Page David, Ong Irene M
Department of Biostatistics & Medical Informatics, University of Wisconsin, Madison, WI 53706, USA.
Pac Symp Biocomput. 2006:267-78.
Bayesian networks (BNs) and dynamic Bayesian networks (DBNs) are becoming more widely used as a way to learn various types of networks, including cellular signaling networks, from high-throughput data. Due to the high cost of performing experiments, we are interested in developing an experimental design for time series data generation. Specifically, we are interested in determining properties of time series data that make them more efficient for DBN modeling.
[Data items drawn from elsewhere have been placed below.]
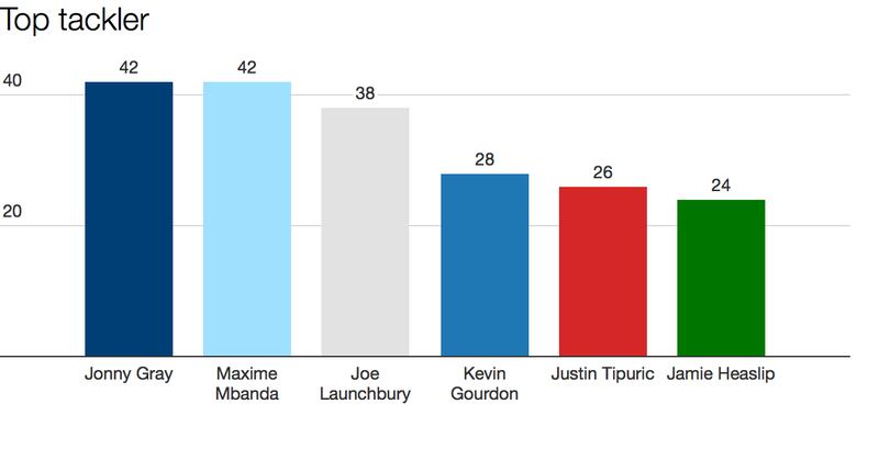 The majority of Joe Launchbury’s 38 tackles came in a man of the match performance against Wales, while Justin Tipuric’s 26 don’t tell the full story of his tireless contributions. Jamie Heaslip is Ireland’s top tackler with 24.
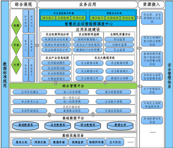 智慧农业中心建设总体目标是通过利用现代信息化技术手段,整体规划、设计智慧农业中心综合平台,以农业大数据构建、开发和应用为重点,强化信息集成,开发应用系统,配置硬件设施,形成“1+N”(一中心、多应用)的农业管理服务信息化平台和多层次的数据和系统开发应用,提升全市农业系统在农业资源管理、数据应用、指挥调度、监管监测、决策分析、行业管理等智慧应用水平,提升为农业生产经营服务的水平,为推进全市农业信息化建设起到示范、引领和推动的作用。
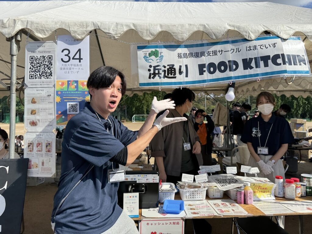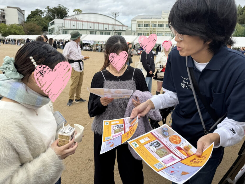 模擬店と館内教室を両方まわると、福島の桃100%ストレートジュース「桃の恵み」1本もらえる!という、特別企画付メニュー表&スタンプラリー台紙をお配りし、立ち寄ってもらえるように、とお声かけも。それぞれの個性が面白い!はまでいずメンバー。模擬店と教室に立ち寄ってもらえるよう 店頭&道ばたでの声かけと、地道に取組んでいる様子。
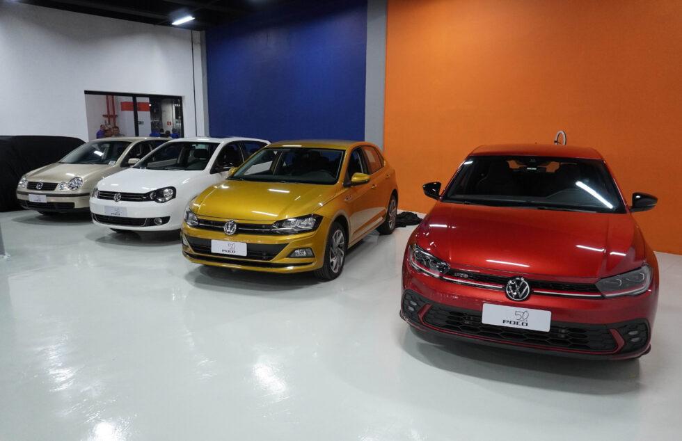 Entre os exemplares expostos estão o Polo 2002, o primeiro produzido no Brasil; um Polo Highline 2017 na cor amarelo cúrcuma, representando a geração anterior; e um Polo GTS, que integrou a frota de imprensa da marca em seu lançamento.
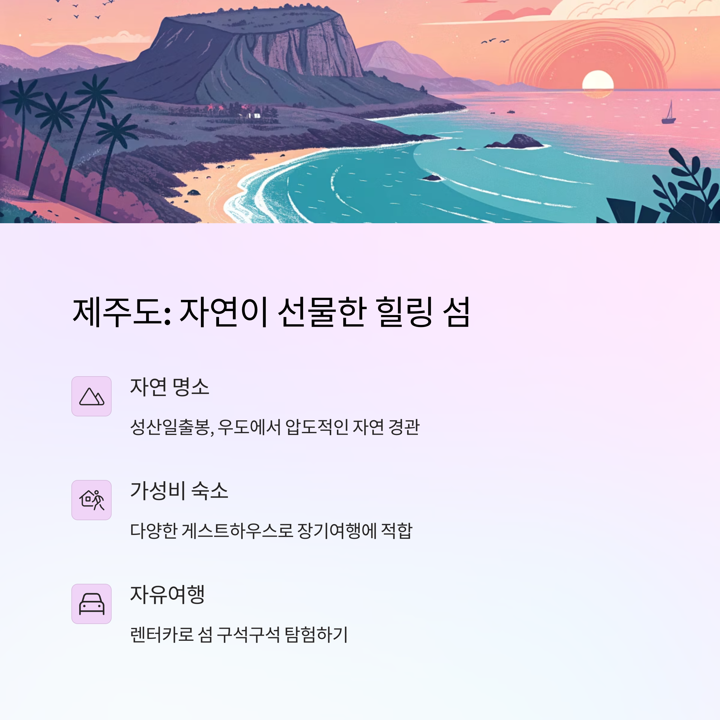 제주도는 자연 경관이 아름다워 20대 여행자들 사이에서 인기가 높습니다.

We present a theoretical analysis on the ability of DBNs without hidden variables to learn from proteomic time series data. The analysis reveals, among other lessons, that under a reasonable set of assumptions a fixed budget is better spent on collecting many short time series data than on a few long time series data.
贝叶斯网络(BNs)和动态贝叶斯网络(DBNs)作为一种从高通量数据中学习包括细胞信号网络在内的各种类型网络的方法,正得到越来越广泛的应用。由于进行实验的成本高昂,我们有兴趣开发一种用于生成时间序列数据的实验设计。具体而言,我们感兴趣的是确定时间序列数据的属性,这些属性使其在DBN建模中更有效。我们对无隐藏变量的DBN从蛋白质组学时间序列数据中学习的能力进行了理论分析。该分析揭示了诸多要点,其中包括在一组合理的假设下,固定预算用于收集许多短时间序列数据比用于少数长时间序列数据效果更好。